"There is," says Dr. Mallez, "a form of anæmia to which the attention of physicians has not yet been called, and which yields marvelously to the employment of Vin Mariani; we allude to that state of profound depression of the economy, of extremely marked impoverishment of the blood, which also results from the prolonged abuse of balsamics in the treatment of diseases of the urinary passages.
"The number of persons who, attacked with blennorrhagia, use cubebs, copaiba, turpentine, etc., to a deplorable extent is considerable. So true is this that, out of a hundred young dyspeptics, we may affirm without fear of being in error that at least forty of them have become so by the use of balsamics.
"In like manner, the number of patients affected with urinary gravel whom the prolonged and excessive use of the agents just mentioned, has rendered dyspeptic and then neuropathic is enormous. Like the former, they owe the profound disorder of their digestive functions to the immoderate use of resins and oleo-resins.
"It is of the first importance, therefore, to relieve these persons by making them take, after having given them light laxatives and some preparations intended to strengthen the stomach, not iron, not cinchona, not, as we have said above, local tonics, which would be of little if any use, but diffusible tonics, that is to say, those that act upon the local condition and at the same time upon the general condition, and which, moreover, do not constipate.
"It is here that Vin Mariani, proves its great advantage and succeeds where other tonics have failed, in stimulating the functions of the stomach. On the one hand by the small quantity of tannin which it contains, on the other through the active principles of Coca, associated with the wine, which serves as a vehicle, exciting the vitality of each organ separately, not, however, without having previously exerted its vivifying action on the mucous membrane of the stomach itself." (Gazette des Hopitaux, Nov. 23, 1877.)

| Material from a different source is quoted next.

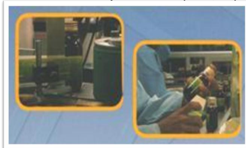
Grafico 2.14: Planta Parmayala Área de Líquidos, Etiquetado.

The analgesic properties of Vin Mariani have received a happy application in clinical laryngoscopy by Dr. Ch. Fauvel. This eminent specialist has made use of it for the past twenty-six years with unvarying success in all affections of the laryngeal mucous membrane, the air passages, and the vocal organs. In granular angina it takes the place of the topical medication and cauterizations which are so often injurious when they are used indiscriminately and to excess.
The employment of Vin Mariani rapidly relieves patients of the feeling of heat and tingling which is one of the most annoying symptoms of this very common disease of the throat. (Gazette des Hopitaux, May 12, 1877.)
Dr. Beverley Robinson recommends Vin Mariani as a heart tonic.
Dr. W. H. Pancoast says that Vin Mariani is a valuable preparation and a tonic of the highest merit.
Dr. Jules Bouvyer, of Cauteretz, employs it with success in certain affections of the larynx as an adjuvant to the sulphurous treatment.